Slapping the counter decisively, Pete said, "Enough with the gooey stuff. You and I, we're not gooey, and I guarantee you, I have no desire to see you and Myka all gooey with each other."

Helena cleared her throat. "We'll keep the excessive PDAs to a minimum." Which wouldn't be hard at this point, their Wednesday lunch not auguring much in the way of volcanic passion, passion period. She looked at a can of Hormel's chili, it really didn't sound bad at all. "Pete, would you humor me and tell me when you started to get the vibes about me?"

He was almost out of the apartment, but he made a quarter-turn and leaned against the jamb. "I can't pinpoint it for you, but I'd say they started four or five years ago.

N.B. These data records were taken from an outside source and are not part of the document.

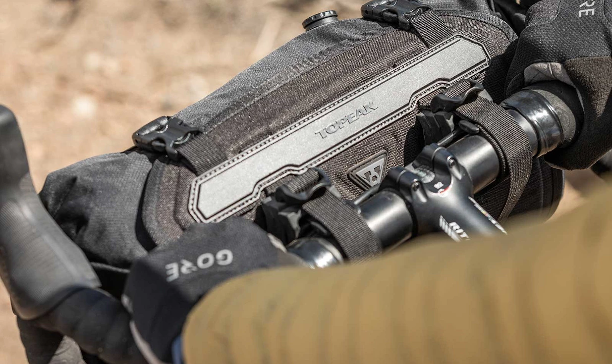 La Frontloader se fixe au cintre de façon rapide et fiable. Elle possède un renfort central assurant un excellent maintien de la sacoche, offrant également la possibilité d’ajouter d’autres accessoires via plusieurs boucles.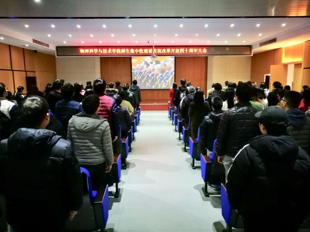 1218日,习近平总书记在庆祝改革开放40周年大会上发表重要讲话,为了加强学院师生员工理想信念教育,不忘初心、牢记使命,激励自我,学院党委组织全体师生员工集中观看大会直播,共同回顾中国改革开放40年的伟大历程,总结经验,继续前行!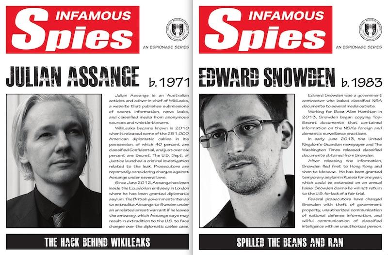 Der Defense Security Service hat in Militärbasen und staatlich genutzten Gebäuden Warnplakate aufgehängt. Darin werden Edward Snowden und Julian Assange als „berüchtigte Spione“ bezeichnet. Es geht um Stimmungsmache gegen die Whistleblower. Diese soll man nach dem Willen der Behörde in die USA ausliefern.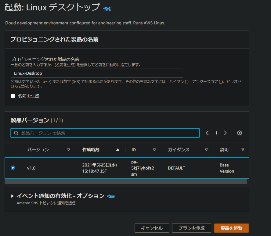 細かく指定するのが面倒だったので、今回は作成したlinuxDesktopLaunchRoleにAdministratorAccessを付与し、このロールを起動制約で指定しました。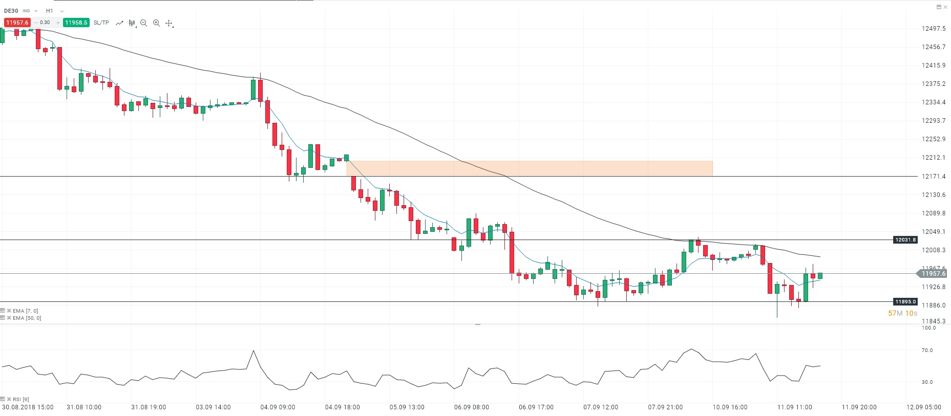 Sans surprise, l’indice ZEW de confiance des investisseurs est resté négatif au mois de septembre (- 10,6). La confiance des investisseurs et des analystes reste fragilisée par le contexte commercial sino-américain. Pour rappel, les Etats-Unis souhaitent désormais taxer l’intégralité des produits d’importations en provenance de Chine, soit 517 milliards de dollars. De son côté, la Chine a demandé l’autorisation à l’OMC de mettre en place des mesures de rétorsion contre les Etats-Unis. Sur le plan technique, le DAX 30 (DE30) évolue en tendance baissière en unité de temps horaire (H1). Et pour cause, l’actif est capé par la moyenne mobile à 21 périodes. Néanmoins, nous faisons état de velléités haussières sur l’indice car les prix sont soutenus par la moyenne mobile à 7 périodes. Dans un tel contexte, nous sommes acheteurs de l’indice et pensons qu’il devrait rallier le niveau des 12 000 points à court terme.

Just a few, but they got stronger a couple of years ago, I was getting them, like, every month. It didn't come to me as a surprise when, at about the same time, Myka said she wanted a divorce. Can't fight fate, H.G."

Five years ago she had still been living on Capri, which had been a rather whimsical choice of residence on her part, made mainly out of the knowledge that, for years, it had served as a temporary home for other footloose ex-patriates. But tiring of Italian politics and of her involvement with an Italian model, she had decided to relocate once again. The fact that relocating to New York would put her some several thousand miles closer to Myka hadn't even entered her mind. Two years ago, she wasn't thinking of Myka either. She was busy doing her appraisals and what little down time she had, Suzanne or some other willing body filled it adequately enough.

Pete's vibes about her hadn't been heralding her return. They had been about something else. As Helena searched the kitchen drawers for a can opener and a saucepan to heat the chili in, she knew she didn't want to know what Pete had actually been sensing.